Exercise instructions
Repeat the whole listing below precisely. Omit all pictures.

Segment Start: Supplied data

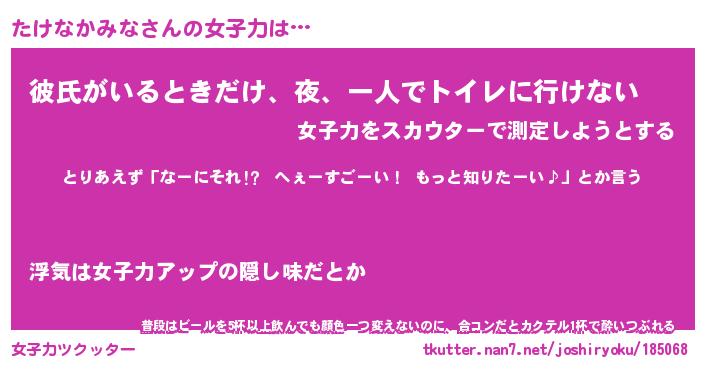 | 恥ずかしいあだ名 | 『プリティーたけなかみな』『たけっちょ』 |
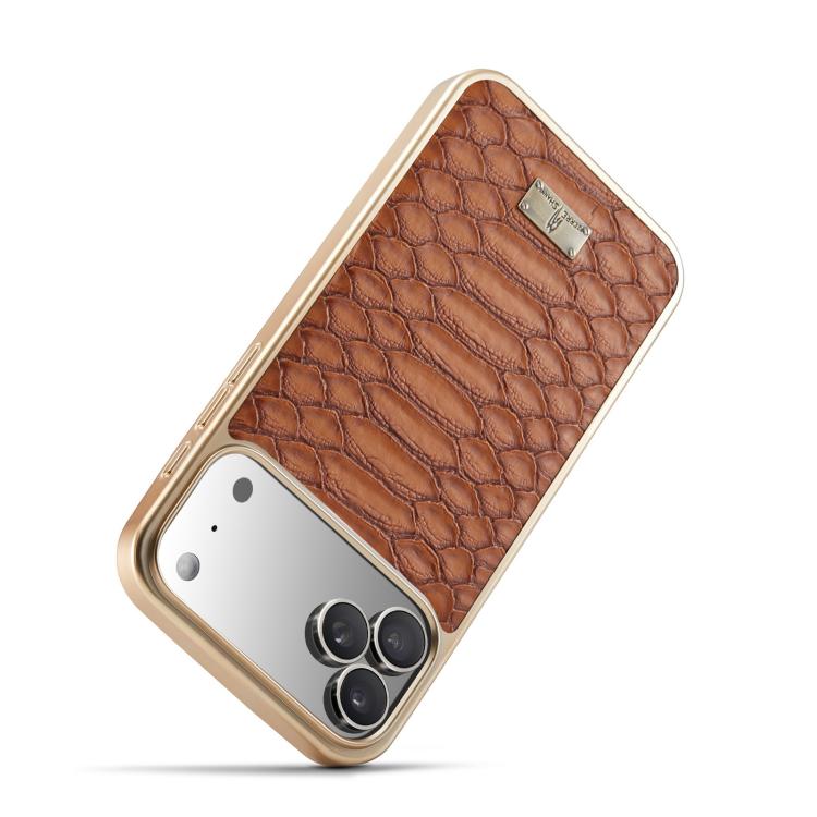 Funda de PU galvanizada con textura de pitón Fierre Shann para iPhone 17 Pro (marrón)
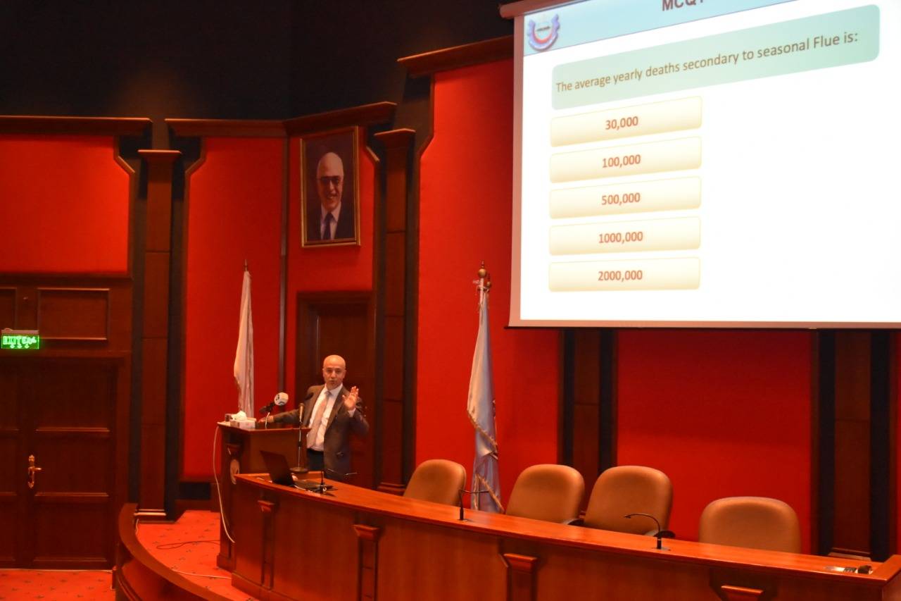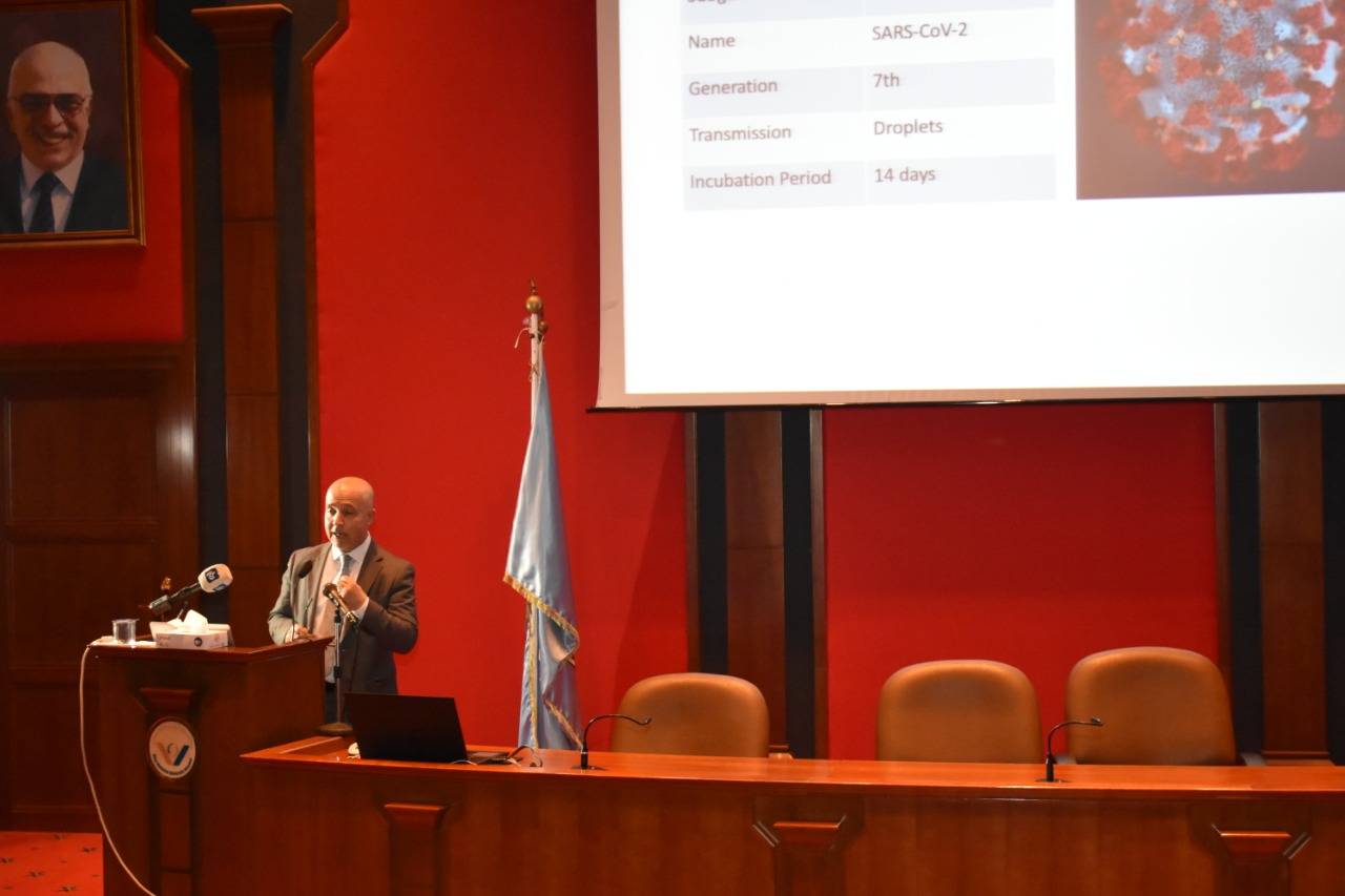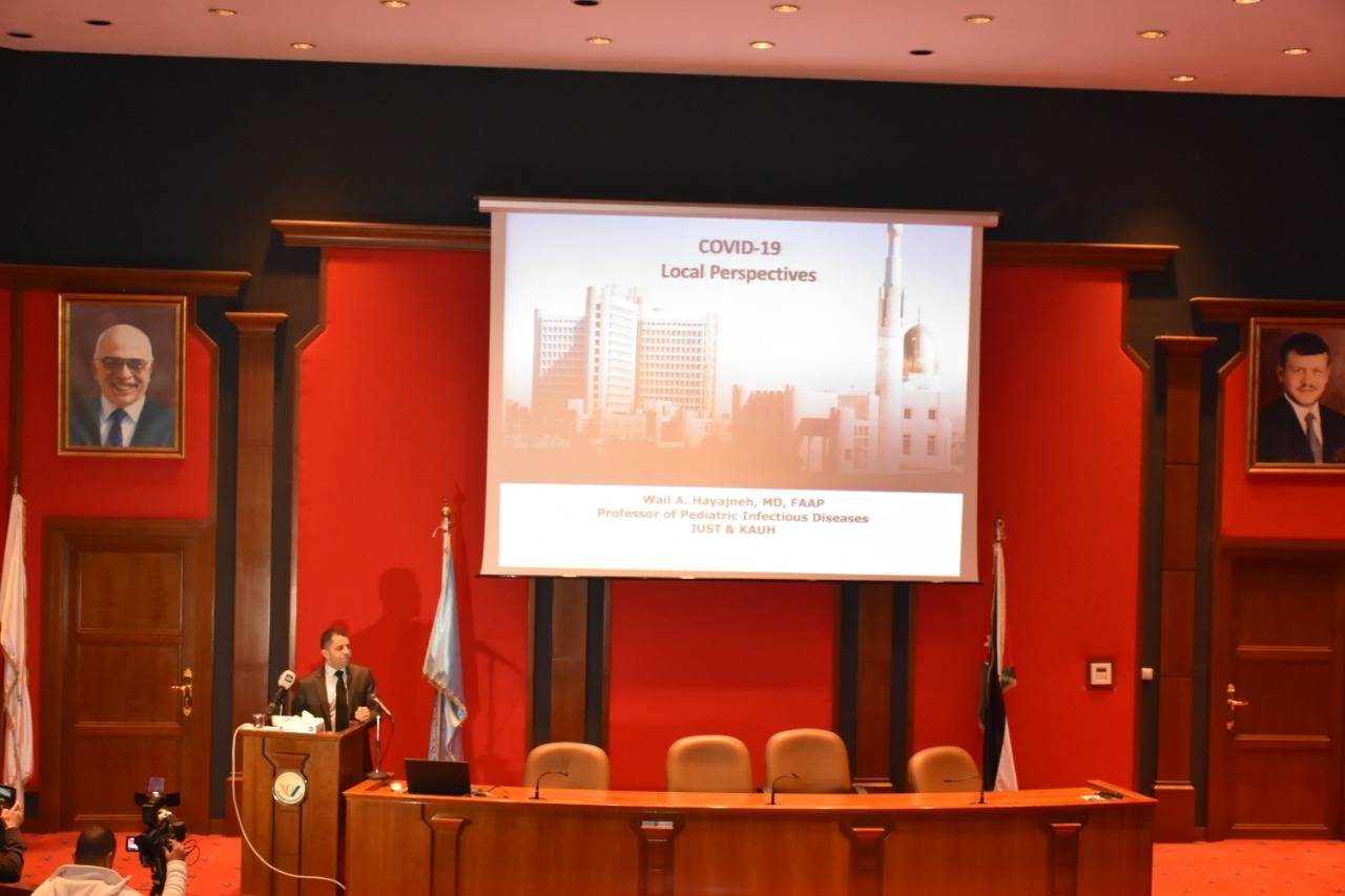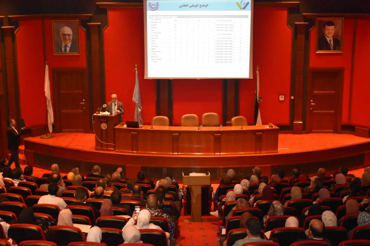 وتخلل الحملة محاضرة علمية قيمة عن مرض كورونا وطرق الوقاية منه وكيفية التعامل معه وعن استعدادات المستشفى والكادر الطبي لاستقبال الحالات المشتبه بإصابتها والإجراءات المتبعة في حالات العزل وجاهزية الغرف وكيفية تعقيمها, قدمها إستشاري أمراض الأطفال والأمراض المعدية البرفيسور وائل هياجنة رئيس اللجنة الوطنية الفنية الاستشارية للتطعيم رئيس اللجنة الفنية للمضادات الحيوية في المؤسسة العامة للغذاء والدواء الأردنية رئيس لجنة ضبط العدوى في مستشفى الملك المؤسس عبدالله الجامعي

Segment End: Supplied data

Response to this task
 | 恥ずかしいあだ名 | 『プリティーたけなかみな』『たけっちょ』 |
 Funda de PU galvanizada con textura de pitón Fierre Shann para iPhone 17 Pro (marrón)
 وتخلل الحملة محاضرة علمية قيمة عن مرض كورونا وطرق الوقاية منه وكيفية التعامل معه وعن استعدادات المستشفى والكادر الطبي لاستقبال الحالات المشتبه بإصابتها والإجراءات المتبعة في حالات العزل وجاهزية الغرف وكيفية تعقيمها, قدمها إستشاري أمراض الأطفال والأمراض المعدية البرفيسور وائل هياجنة رئيس اللجنة الوطنية الفنية الاستشارية للتطعيم رئيس اللجنة الفنية للمضادات الحيوية في المؤسسة العامة للغذاء والدواء الأردنية رئيس لجنة ضبط العدوى في مستشفى الملك المؤسس عبدالله الجامعي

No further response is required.